▶ [Work order]:
All entries below must be written out verbatim, and the images must be dropped.
==*==
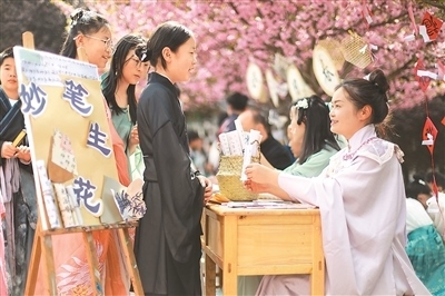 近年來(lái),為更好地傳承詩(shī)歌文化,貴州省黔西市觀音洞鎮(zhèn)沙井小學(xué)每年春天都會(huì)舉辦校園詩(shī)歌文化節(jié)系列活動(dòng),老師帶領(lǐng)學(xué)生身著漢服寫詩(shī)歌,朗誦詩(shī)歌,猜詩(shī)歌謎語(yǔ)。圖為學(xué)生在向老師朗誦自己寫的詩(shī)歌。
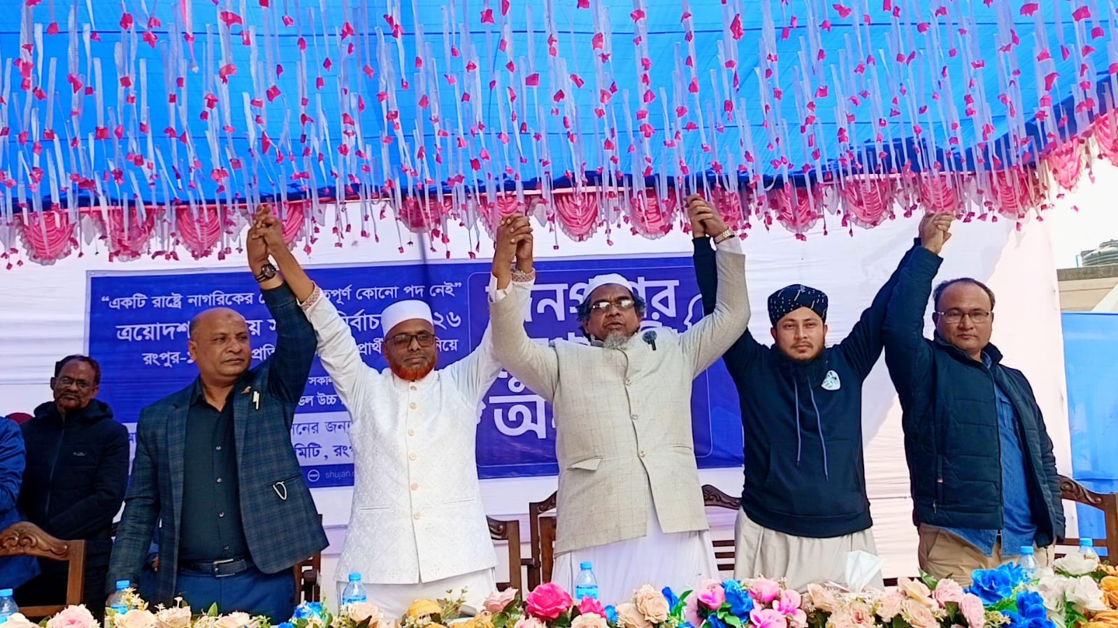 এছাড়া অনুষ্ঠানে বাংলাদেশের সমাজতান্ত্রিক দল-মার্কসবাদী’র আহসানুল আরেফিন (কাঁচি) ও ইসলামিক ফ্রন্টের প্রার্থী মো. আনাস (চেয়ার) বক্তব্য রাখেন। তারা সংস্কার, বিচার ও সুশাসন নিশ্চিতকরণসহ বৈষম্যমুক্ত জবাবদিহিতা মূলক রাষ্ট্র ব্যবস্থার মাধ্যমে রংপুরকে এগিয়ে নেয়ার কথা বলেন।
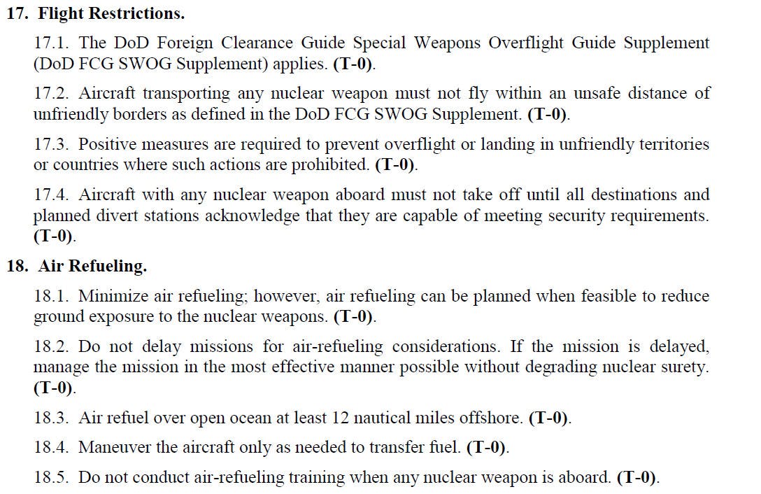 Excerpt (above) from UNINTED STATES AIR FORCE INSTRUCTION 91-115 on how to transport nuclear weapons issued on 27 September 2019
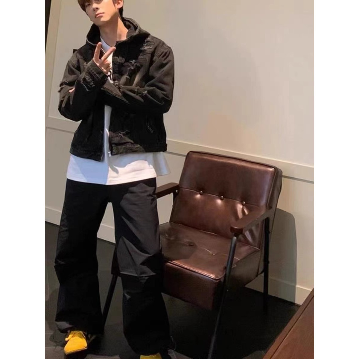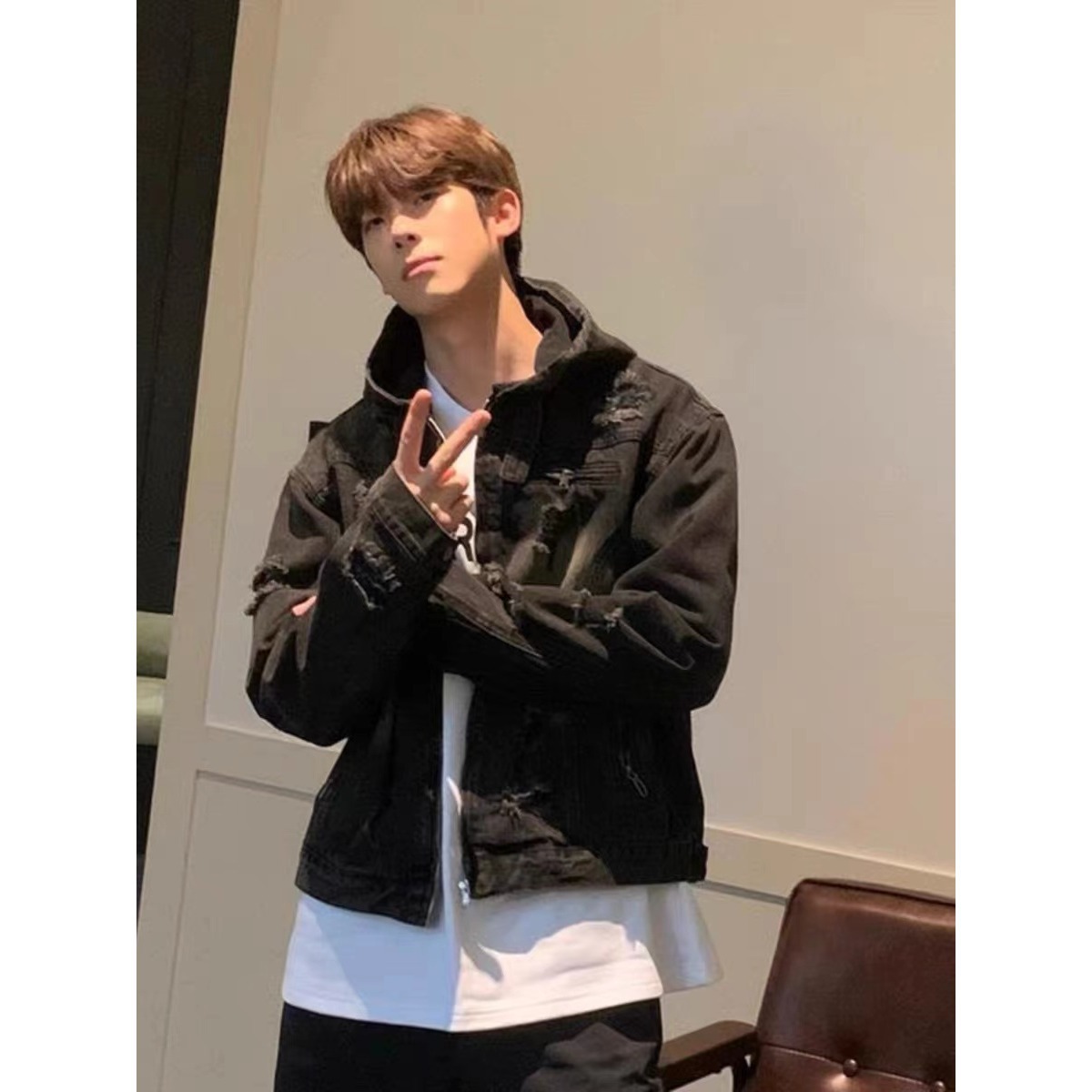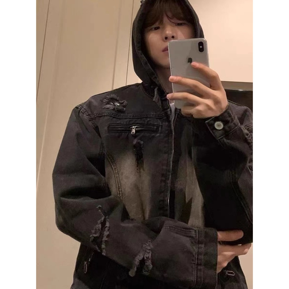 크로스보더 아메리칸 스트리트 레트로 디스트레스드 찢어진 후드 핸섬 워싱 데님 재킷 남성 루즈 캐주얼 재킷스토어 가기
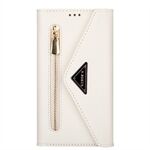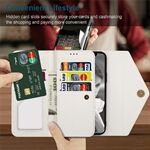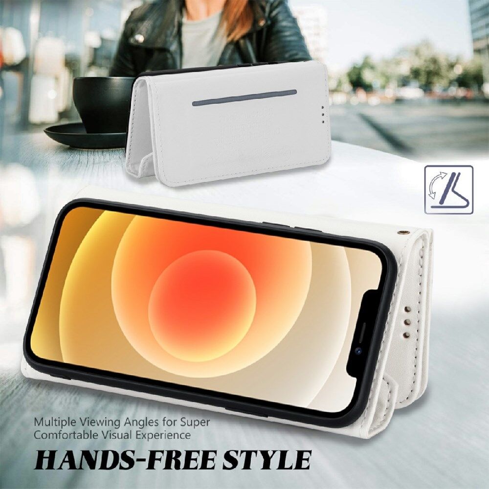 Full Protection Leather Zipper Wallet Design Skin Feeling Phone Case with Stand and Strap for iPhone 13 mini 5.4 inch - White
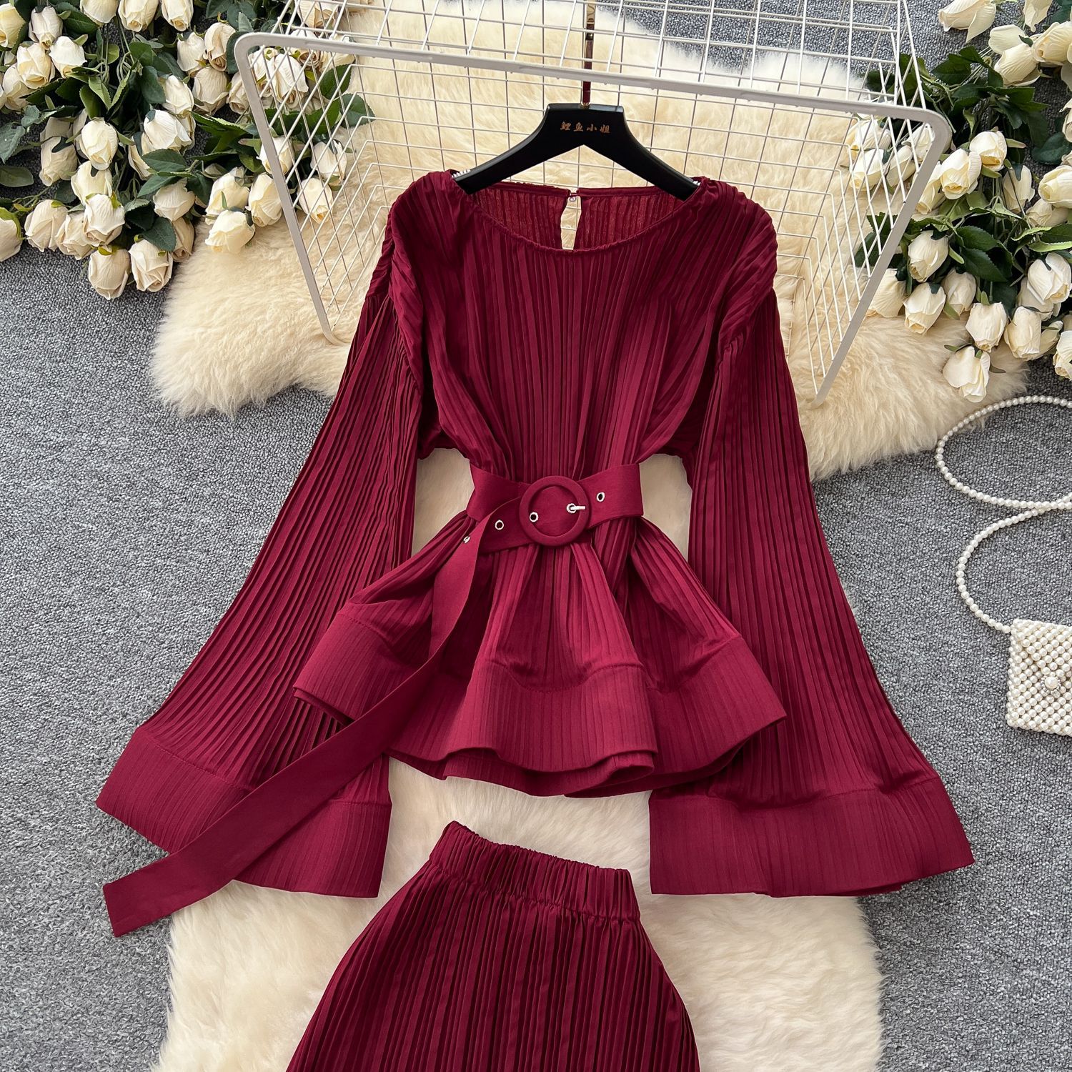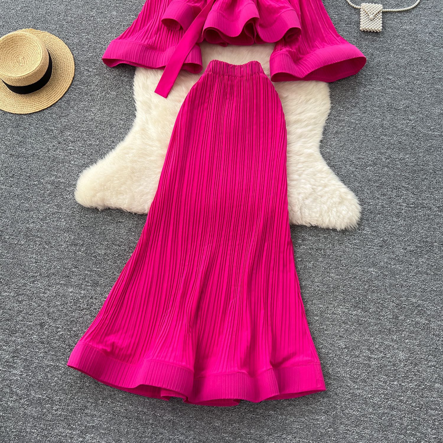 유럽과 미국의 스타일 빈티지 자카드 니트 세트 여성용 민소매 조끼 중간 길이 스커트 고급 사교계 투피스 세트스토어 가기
==*==
▶ [Solution]:
 近年來(lái),為更好地傳承詩(shī)歌文化,貴州省黔西市觀音洞鎮(zhèn)沙井小學(xué)每年春天都會(huì)舉辦校園詩(shī)歌文化節(jié)系列活動(dòng),老師帶領(lǐng)學(xué)生身著漢服寫詩(shī)歌,朗誦詩(shī)歌,猜詩(shī)歌謎語(yǔ)。圖為學(xué)生在向老師朗誦自己寫的詩(shī)歌。
 এছাড়া অনুষ্ঠানে বাংলাদেশের সমাজতান্ত্রিক দল-মার্কসবাদী’র আহসানুল আরেফিন (কাঁচি) ও ইসলামিক ফ্রন্টের প্রার্থী মো. আনাস (চেয়ার) বক্তব্য রাখেন। তারা সংস্কার, বিচার ও সুশাসন নিশ্চিতকরণসহ বৈষম্যমুক্ত জবাবদিহিতা মূলক রাষ্ট্র ব্যবস্থার মাধ্যমে রংপুরকে এগিয়ে নেয়ার কথা বলেন।
 Excerpt (above) from UNINTED STATES AIR FORCE INSTRUCTION 91-115 on how to transport nuclear weapons issued on 27 September 2019
 크로스보더 아메리칸 스트리트 레트로 디스트레스드 찢어진 후드 핸섬 워싱 데님 재킷 남성 루즈 캐주얼 재킷스토어 가기
 Full Protection Leather Zipper Wallet Design Skin Feeling Phone Case with Stand and Strap for iPhone 13 mini 5.4 inch - White
 유럽과 미국의 스타일 빈티지 자카드 니트 세트 여성용 민소매 조끼 중간 길이 스커트 고급 사교계 투피스 세트스토어 가기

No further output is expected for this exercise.